When I was alone and single, working my tail off to make ends meet, I wrote everything in my journal. It was an amazing relief, especially because I didn’t have very many friends or people to talk to (besides my coworkers and witchy supervisor). But I also HAD to give myself time to feel sad, or I’d explode. I gave myself permission to listen to a couple of few sad songs that resonated with me at the time, and then I had a plan for after: I’d get up, take a walk, create something, write in my journal, or call one of my sisters.
Find joy in the journey
Just enjoy this stage of your life. Look at the positives. Create opportunities from obstacles. Stop to smell the roses and enjoy the warmth of the sun on your skin.
Keep improving yourself
Being single is the perfect time to improve yourself. Before you step into a relationship or marriage, you have a time of life to begin becoming the best YOU. Of course, none of us are perfect, but the earlier you start on improving and strengthening your character, the better your life will be.

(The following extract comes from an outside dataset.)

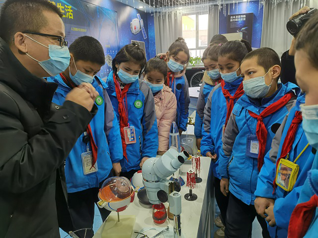輪臺(tái)縣第九小學(xué)學(xué)生在陽(yáng)霞鎮(zhèn)哈爾墩村科普館參加“科技之冬”青少年科技教育主題科普活動(dòng)

You’re actually creating paradise NOW, instead of waiting for the right person to come along. You’re in control of your life.
Trust God and his plan
Now is a great time to start developing/strengthening your relationship with God. When I was alone/single, I learned so much about who I was… because of who I am to God. I recognized, on a deeper level, how much he loves me and that I’m never alone. I learned that his plan is better than mine, and I just need to trust him and the process. I know that being single/alone can really suck at times, but turn this obstacle into an opportunity.
Do self care
Nothing fancy, just something nice for yourself. Valentine’s Day seems to be a hard day for those without a significant other, but make an opportunity of it. Get something for yourself and/or even for a friend!
Strengthen family ties
Being single is actually super fun because you get to strengthen your relationship with your family—and when I say family, I mean, specifically, siblings. Siblings are gifts from God, no matter how annoying or stupid they can be. You spent your childhood and adolescence together—and now, as adults, you have SO much more freedom to have fun, explore, and make memories together. Strengthen those bonds because, you’ll learn, as you get older, your circle of acquaintances and friends fade away, but your siblings are always there.
Keep a close group of friends
You don’t have to have a gazillion friends, just one or a few. Friends can really help you find joy and adventure in life, big and small. It’s important for your health to get out and socialize, and when you’re with people you love and admire, it’s a win-win. As an introvert, I just did NOT want to get out, and if I did get out, I would have rather gone alone. But when I did push myself to go, I was always glad I did. Just remember… you don’t have to have tons of friends… just one or a few good friends will make such a huge difference and help you enjoy life.
Find opportunities to serve
You can gain a deep satisfaction in life by serving others. Being alone/single isn’t so bad when you have an opportunity to serve. Whether you serve quietly in your church, or volunteer in the community, you are making a difference—not just for others, but for yourself too.
Be OK with being alone
I’m sorry if people always ask you if you’re dating someone, or if your grandma/grandpa/aunts/uncles/parents pester you and try to find someone suitable for you. I’m so sorry if people are placing these unrealistic expectations on you. I once talked to a friend at my church about it and she literally started crying because she felt so bad that she was STILL SINGLE! But it’s OK! This is your journey, your life. It is unlike anyone else’s life. You have just as much value as any other woman, and your unique mission and purpose in this world is still there. You are enough—you always were! I hope you feel better about being alone. You are amazing.
This isn’t the kind of “treat” yourself article, with ideas on makeup, clothes, and food to pamper you. This goes beyond that, to a state of you becoming. Growing up in Hawaii, I realized that “things” don’t last. Cars and trucks rust within a few years, food gets soggy if left out, the lava takes over whatever it wants—burning any homes in its path, and any garden or home left untouched becomes a part of the jungle—the trees and plants growing over anything it can. Despite most physical “things” not lasting in Hawaii, there were some “things” that did last—things you couldn’t see, but felt—relationships, love, family, God, good energy. And this article is to help you improve one of these key unseen relationships, aka your relationship with yourself.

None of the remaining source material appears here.